The getting_started.ipynb notebook shows how to use the BPD to predict human behavior in a new environment. It is also available on Google Colab via the link below.

Open In Colab

Experiments

Each of the subsections below describes how to various experiments from the paper. All experiment configuration is done using Sacred, and parameters can be updated from the command line by adding param=value after the command. For instance, most of the experiments require setting the Overcooked layout by, for instance, writing layout_name="cramped_room".

We used RLlib for reinforcement learning (RL) and many experiments output an RLlib checkpoint as the result. If a checkpoint from one experiment is needed for another experiment, you can find the checkpoint by looking at the output of the training run, which should look something like this:

INFO - main - Starting training iteration 0
INFO - main - Starting training iteration 1
...
INFO - main - Saved final checkpoint to data/logs/self_play/ppo/cramped_room/2022-01-01_12-00-00/checkpoint_000500/checkpoint-500

Many experiments also log metrics to TensorBoard during training. Logs and checkpoints are stored in data/logs by default.
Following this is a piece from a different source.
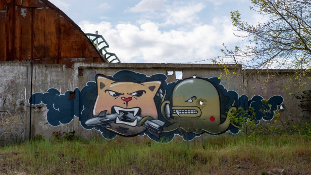 «Ми обоє малюємо графіті, тому вирішили зробити таку роботу. Він давно працює з такими персонажами, як риби, а я в одному зі своїх проєктів малюю котів. Ми вирішили намалювати графіті у Бучі, Ірпені чи Гостомелі – ці міста фактично є одним цілим. Станіслав показав різні локації, мені сподобалася локація біля річки. А концепція виникла на ходу. Середовище саме диктувало тематику. Робота присвячена подіям в Україні. Ми обрали саме такий образ», – поділився Андрій Присяжнюк.Співавтор Станіслав Видиборець, який родом з Луцька, а зараз проживає в Гостомелі під Києвом, присвятив роботу своєму брату і його побратимам, які нині захищають Україну в складі сил ППО.

You can open TensorBoard by running

pip install tensorboard
tensorboard --logdir data/logs

Calculating the BPD

To calculate the BPD for Overcooked, we used the following command:

python -m bpd.experiments.train_overcooked with run="bpd" num_workers=25 num_training_iters=2000 layout_name="cramped_room" temperature=0.1 prior_concentration=0.2 reward_shaping_horizon=20000000 latents_per_iteration=250  share_dense_reward=True train_batch_size=100000 discriminate_sequences=True max_seq_len=10 entropy_coeff_start=0 entropy_coeff_end=0 latent_size=1000 sgd_minibatch_size=8000 use_latent_attention=True

Some useful parameters include

  • temperature: the parameter $1 / \beta$ from the paper, which controls how irrational or suboptimal the human is.
  • prior_concentration: the parameter $\alpha$ from the paper, which controls how inconsistent the human is.
  • latent_size: $n$, the size of the Gaussian latent vector $z$.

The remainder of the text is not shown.